-- Working data follows --
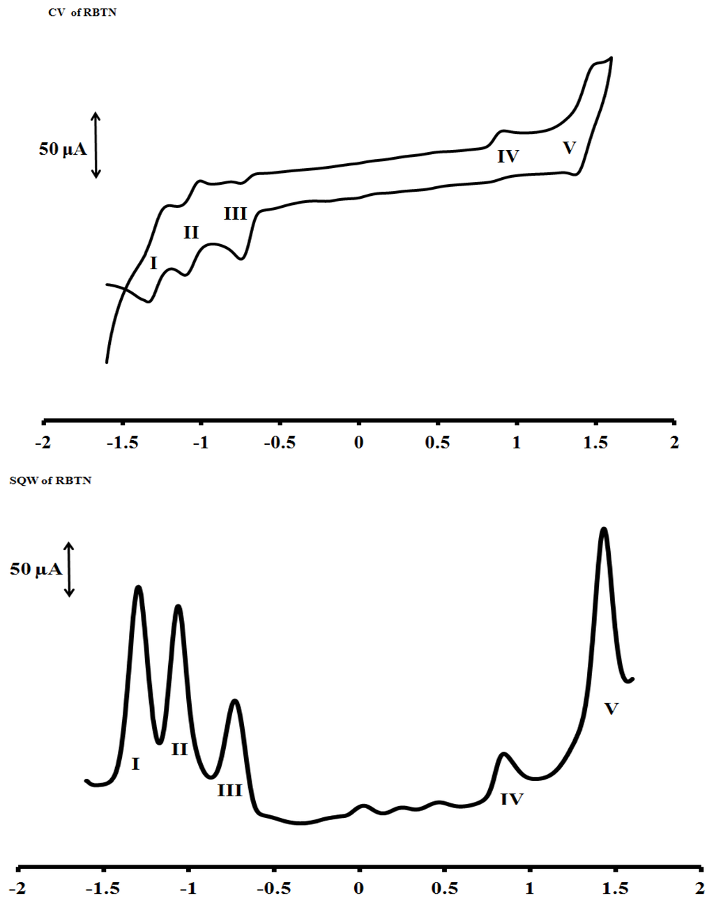 The cyclic and square wave voltammograms of the complex [Ru(L1)2(PF6)2] were examined in the potential range +1.5 to −1.5 V and at a scan rate 50 mV·s−1 using Ag|AgCl electrode in DMF solvent with 0.1 M tetrabutylammonium hexafluorophosphate as supporting electrolyte (Figure 6). The voltammograms display the Ru(III)/Ru(II) couple at positive potential and ligand based reduction couples at negative potentials. A reversible one-electron oxidation process V at E1/2 = +1.42 V was assigned to the metal centre Ru(III)/Ru(II) wave couple [17]. One unidentified irreversible oxidation peak process IV was observed at +0.82 V, which was tentatively ascribed to the ring oxidation of the terpyridine ligand and, as well as the carboxylate ions present in the complex. At the negative potential, three reversible waves were observed at −1.31, −1.07, and −0.75 V for processes I, II and III respectively. The more positive reduction potential may be assigned to the contribution from the ligand due to an additional (C=C) conjugative π-bond as found in the structure of terpyridine since the ligand contains the electron withdrawing COOH group of the anchoring ligand being responsible for lowering the LUMO levels [26].
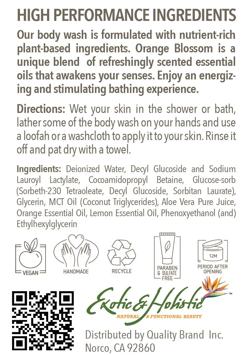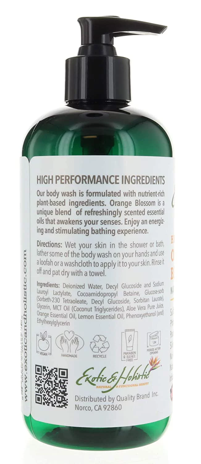 Orange Blossom and Lemon Infused with Essential Oil Natural Body Wash with Pump 16 FL, 473 mL by Exotic and Holistic
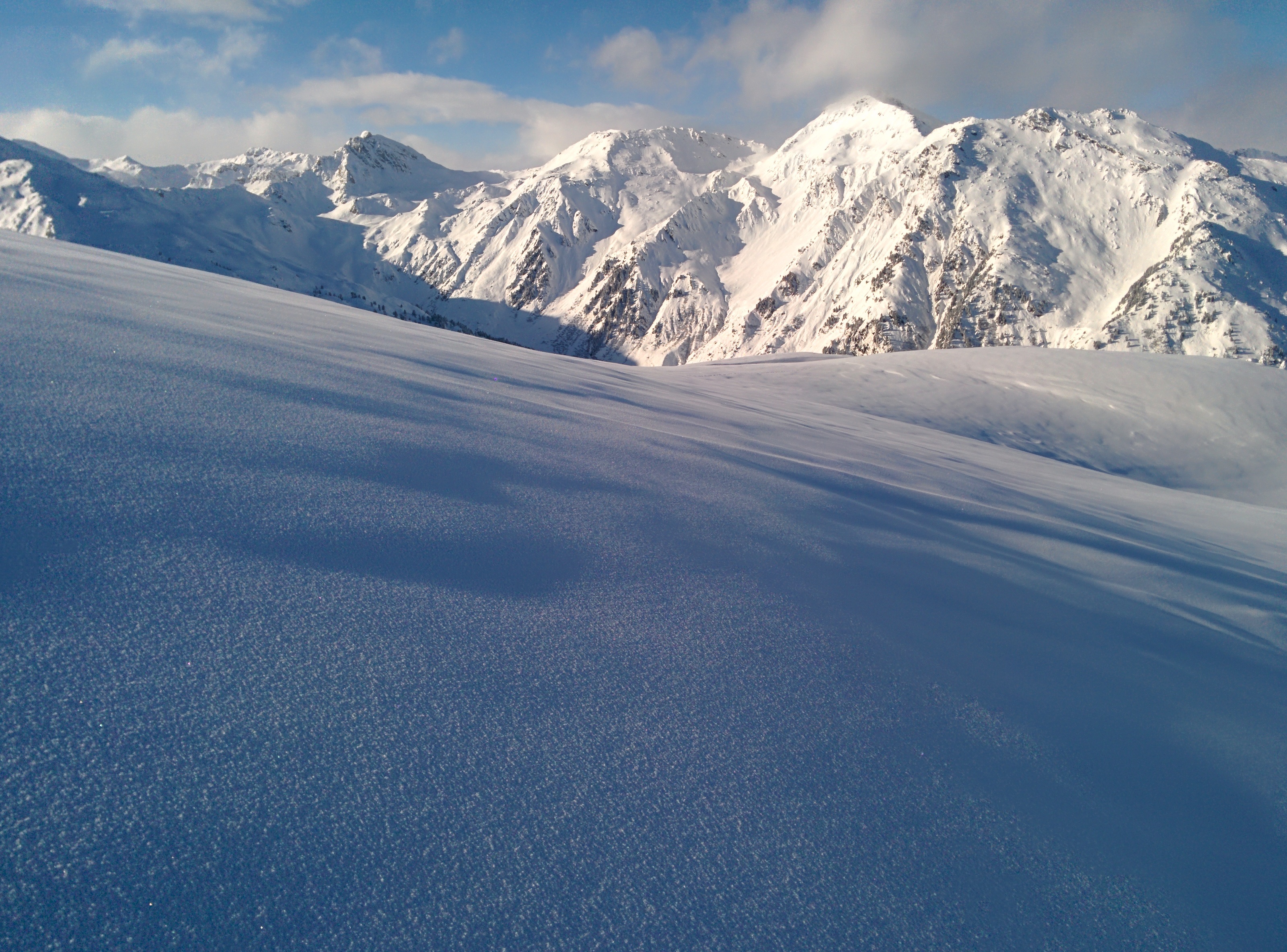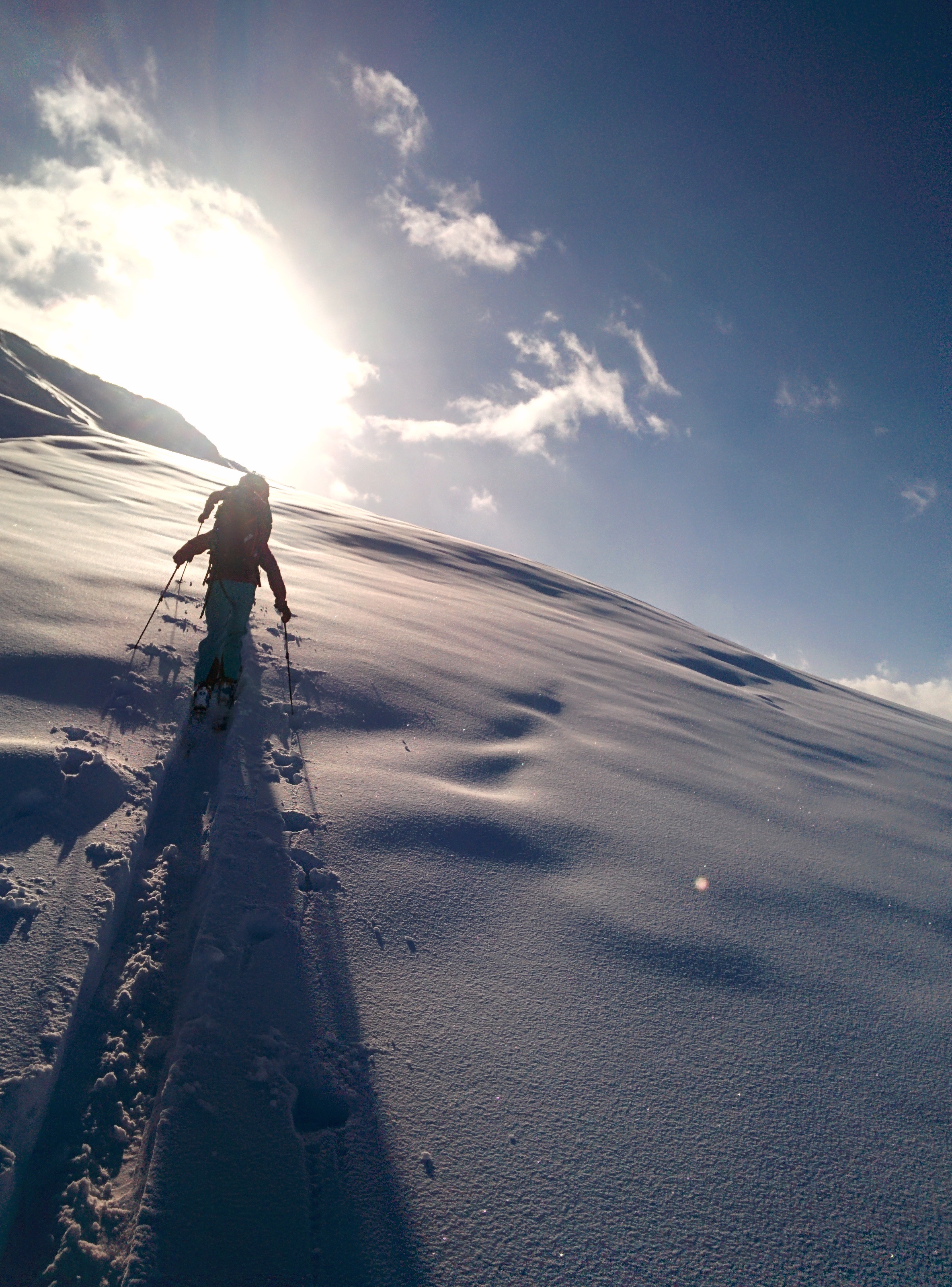 Gefahreneinschätzung: Wahrnehmung: Schnee ist mit wenig Wind gefallen, lediglich im Gipfelbereich Windzeichen gesehen. 1B Pulver. Die Krusten (siehe Lawinenbericht) haben wir gefunden, aber für ziemlich dick befunden...?
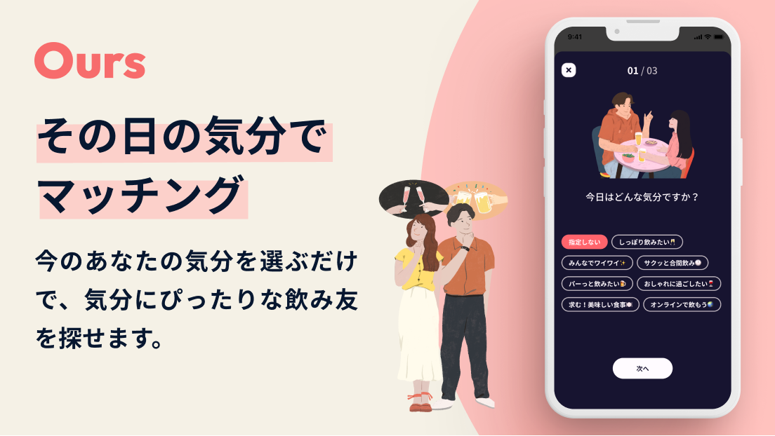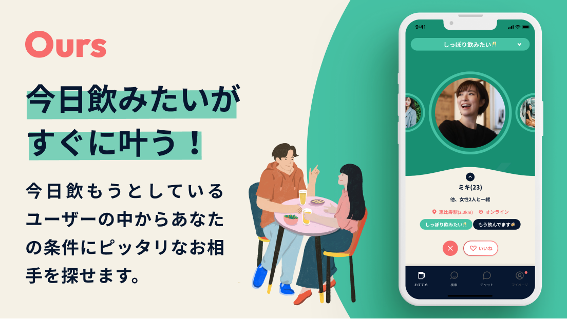 『Ours(アワーズ)』は、今日誰かと飲みたいというニーズに応える飲み友達マッチングサービスです。気分や条件を入力するだけで、その日に会える飲み相手を探すことができます。
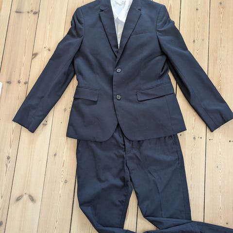 Flot jakkesæt fra H&M i størrelse 110. Brugt en gang til et bryllup og fremstår derfor som nyt. Blev væsket en gang og mangler kun lidt strygning. ;-) Sættet indeholder jakkesæt, hvid skjorte og blå butterfly.
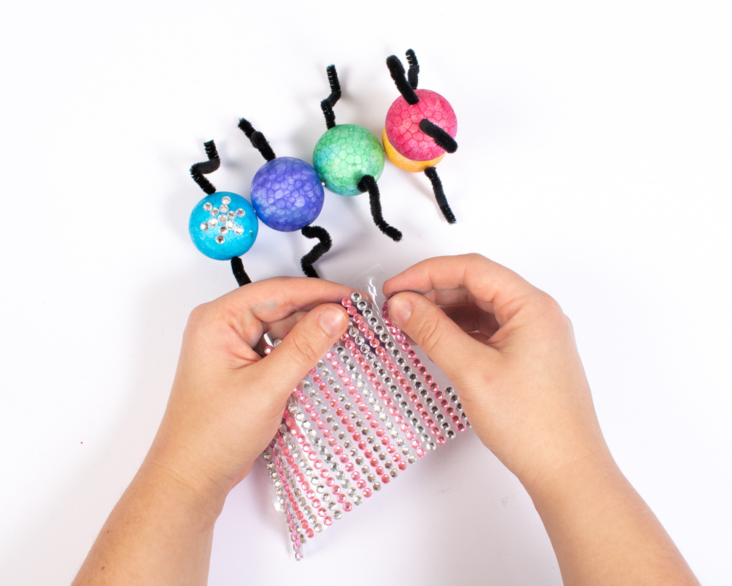 Versier de spin met glittersteentjes of glitterlijm.
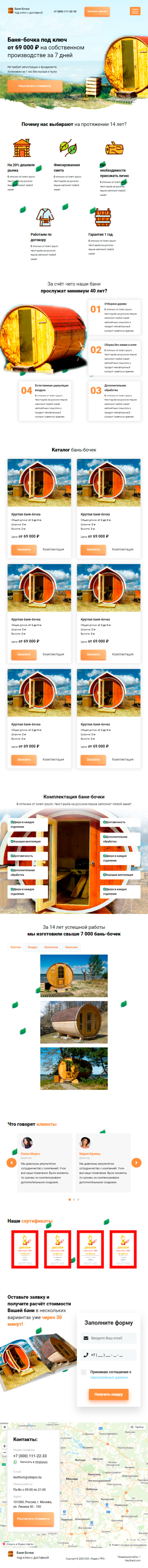 Закажите готовый продающий сайт лендинг #2172204 в Южно-Сахалинске за 1-3 дня «под ключ»: свёрстан, отрисован и готов к рекламе. Тематика шаблона «Баня-бочки».
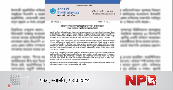 বৃহস্পতিবার (১৬ অক্টোবর) নোয়াখালী জেলা দক্ষিণের সভাপতি সাইফুর রসূল ফুহাদ ও শাখা সেক্রেটারি আরাফাত হোসাইন সিফাত এক যৌথ বিবৃতিতে এ প্রতিবাদ ও বিচার দাবি করেন।
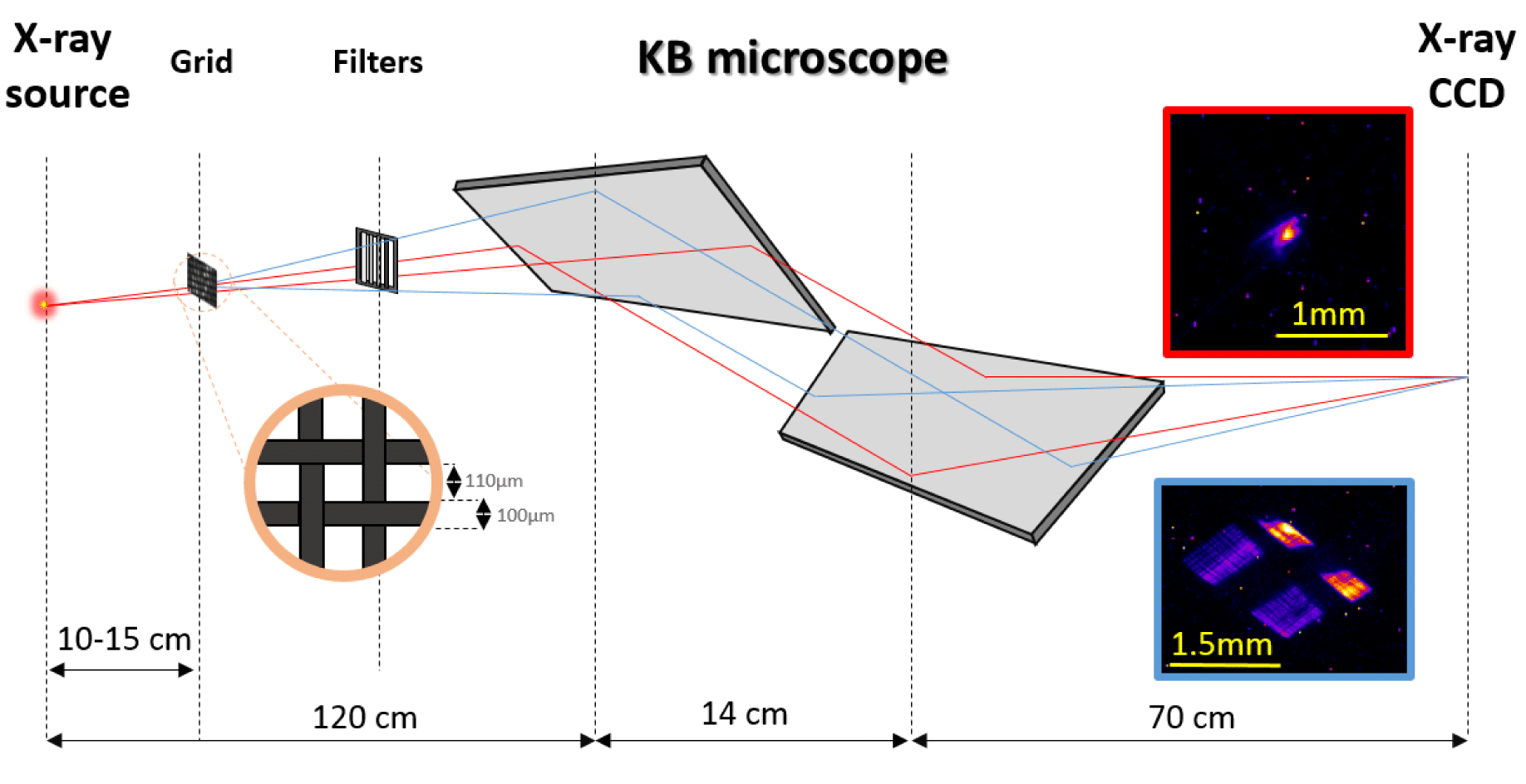 with respect to the target normal and the CCD camera placed in the KB microscope focal plane. This compact X-ray
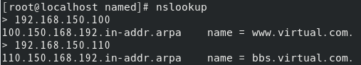 最后使用nslookup,再输入之前反向数据配置文件当中设置的ip,即可得到结果。
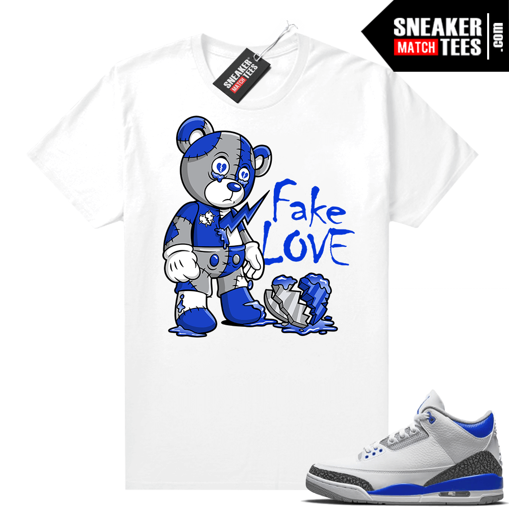 Racer Blue 3s Jordan Sneaker Tees Fake Love Bear V2. Sneaker Match shirts designed to match Racer Blue 3 colorway. Sneaker clothing and apparel to match Jordan 3 retro sneakers.
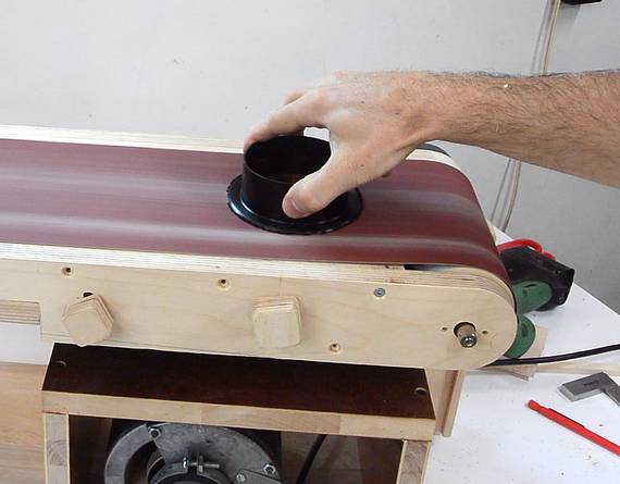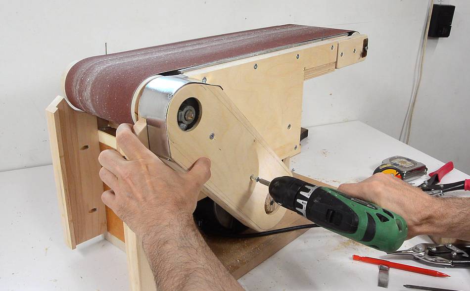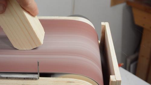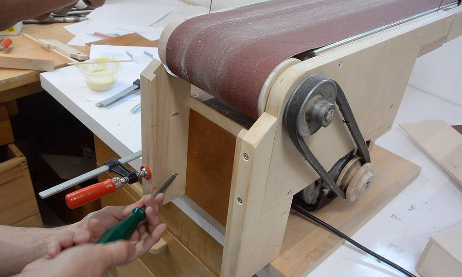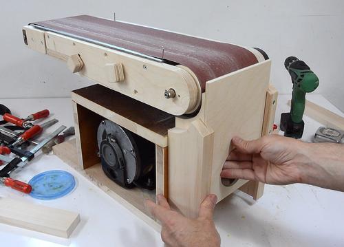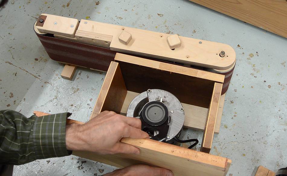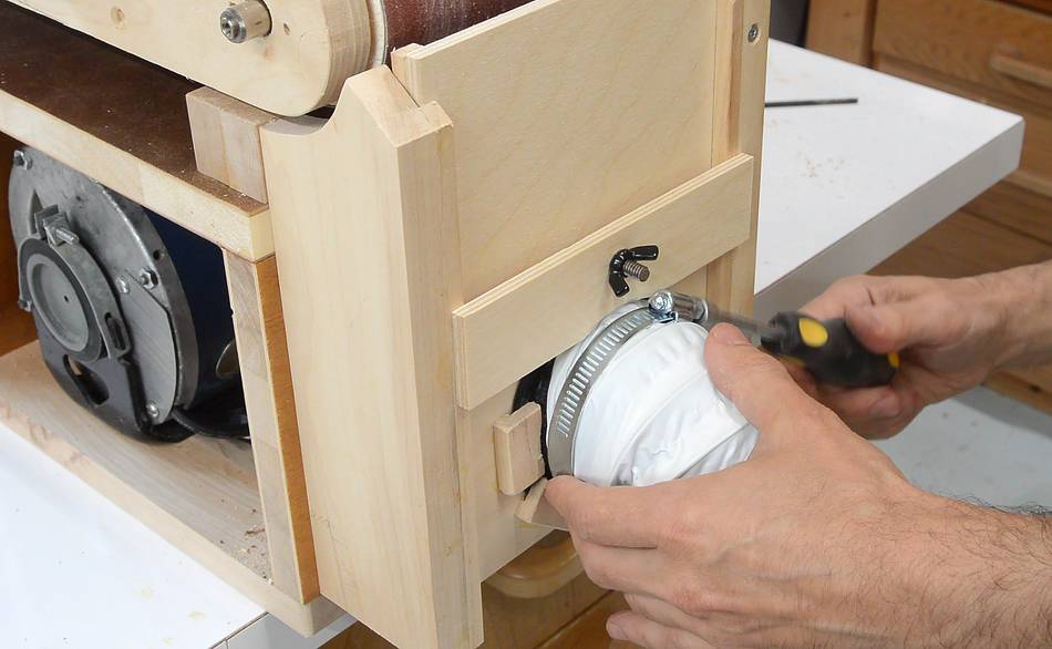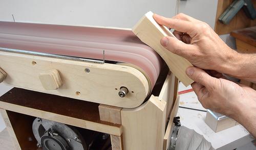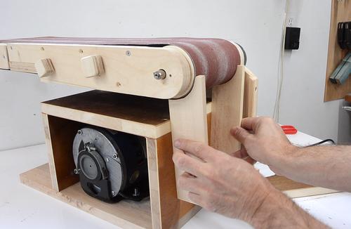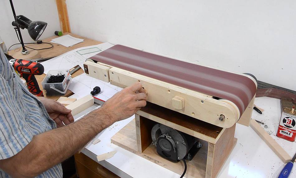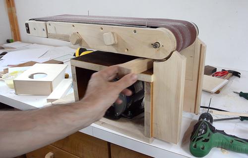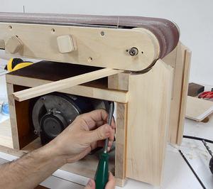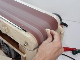 lie the sander on its side to use as an edge belt sander, an adjustable table
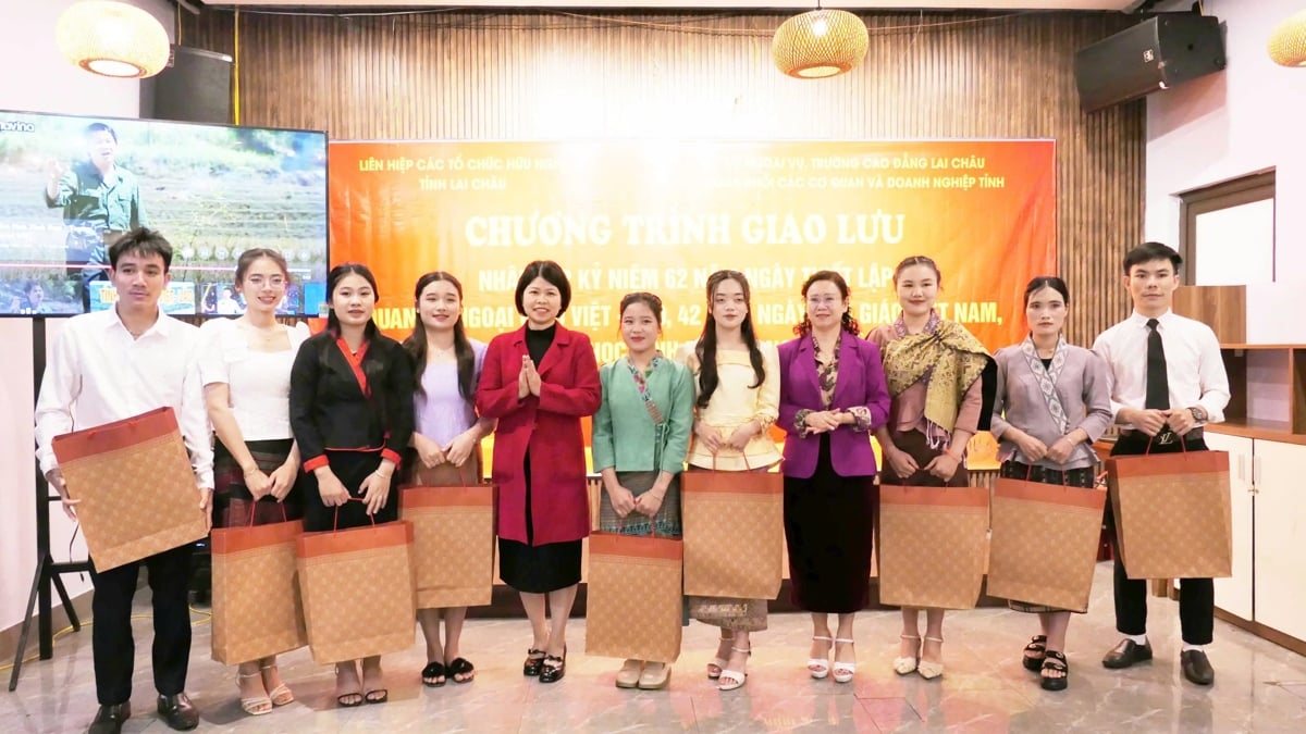 Leaders of the Department of Foreign Affairs and Lai Chau College presented gifts to Lao students at the exchange program to celebrate the anniversary of the establishment of Vietnam - Laos diplomatic relations.
-- Working data concluded --
◆ Task requirements: Drop the pictures, then write out only the lines running from the one containing "Racer Blue 3s" through the last line above, both included, exactly.

◆ Answer area:
 Racer Blue 3s Jordan Sneaker Tees Fake Love Bear V2. Sneaker Match shirts designed to match Racer Blue 3 colorway. Sneaker clothing and apparel to match Jordan 3 retro sneakers.
 lie the sander on its side to use as an edge belt sander, an adjustable table
 Leaders of the Department of Foreign Affairs and Lai Chau College presented gifts to Lao students at the exchange program to celebrate the anniversary of the establishment of Vietnam - Laos diplomatic relations.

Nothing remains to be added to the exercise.